To examine the effectiveness of the messages, an ANOVA of message strength and chi-square tests of empathy (operationalized as sympathy for Brian and upset by Brian’s situation) were conducted by message type. The ANOVA for message strength by message type (p = 0.152, full results not shown) was not significant, suggesting that message type is likely not a strong predictor of perceived message strength in this study. Chi-square tests were run with the message type variable by sympathy and with message type by upset, both of which were significant. The chi-square results for sympathy and upset by message type suggested that more participants who read Message 2 (“plight of the poor”, hybrid social/individual responsibility) agreed that they felt empathy for Brian than the other three message types. Among those who read Message 2, 70% responded with both sympathy towards Brian (X2 = 8.35, p = 0.039) and were upset by Brian’s situation (X2 = 9.73, p = 0.021), compared to 54–67% of those who read the other messages (Table 3).

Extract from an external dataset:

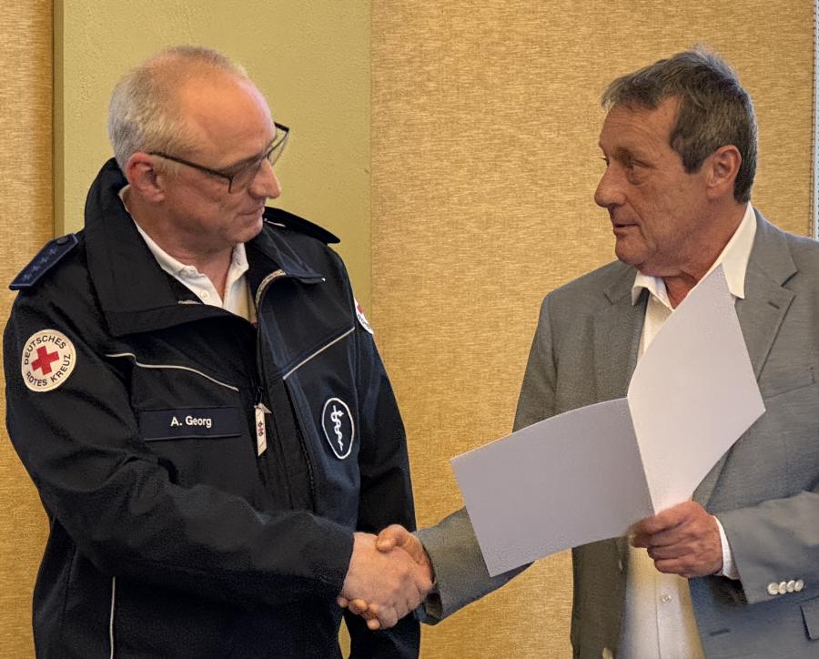 Armin Georg engagiert sich seit mehr als vier Jahrzehnten im DRK. Sein ehrenamtlicher Weg begann bereits Anfang der 1980er-Jahre. Seitdem hat er zahlreiche Funktionen übernommen und maßgeblich zur Entwicklung der örtlichen Strukturen beigetragen. Besonders prägend war sein Einsatz im Vorstand des DRK-Ortsvereins sowie seine Rolle bei der Zusammenführung mehrerer Ortsvereine zum heutigen DRK-Ortsverein Kannenbäckerland. Auch die Modernisierung von Fuhrpark und Ausstattung sowie der Neubau des Vereinsheims zählen zu den Projekten, die er entscheidend mit vorangebracht hat.

To examine which message style is more effective for communicating information to sub-populations that are more difficult to reach logistic regression models, indicating main effects (Models 1 and 3) and interaction effects (Model 2a,b) of predictors of sympathy and upset by Brian’s situation were run. Model 1 shows that Message 2 (“plight of the poor”, hybrid) is a significant predictor of upset, with people who read Message 2 being 1.5 times more likely to respond as upset for Brian’s situation than people who read Message 1 (reference group: plight of the poor, social) (OR = 1.5, p = 0.043, 95% CI [1.01, 2.38]) (see Table 4). Additionally, participants identifying as male were less likely than all other gender identities to feel upset by the character’s situation (OR = 0.55, p < 0.001, 95% CI [0.41, 0.75]) and younger people were almost two times more likely than older age groups to respond with upset (OR = 1.88, p < 0.001, 95% CI [1.38, 2.55]). Model 2a includes gender identity and message type interaction terms, while Model 2b includes age and message type interaction terms. None of the interaction terms significantly added to the models, so Model 3 was created through a backwards stepwise process, in which non-significant subgroup variables were removed one at a time. In Model 3, Message 2 remained significant (OR = 1.51, p = 0.054, 95% CI [0.99, 2.30]), as well as the age group (OR = 1.87, p < 0.001, 95% CI [1.38, 2.52]) and male gender identity (OR = 0.53, p < 0.001, 95% CI [0.40, 0.72]).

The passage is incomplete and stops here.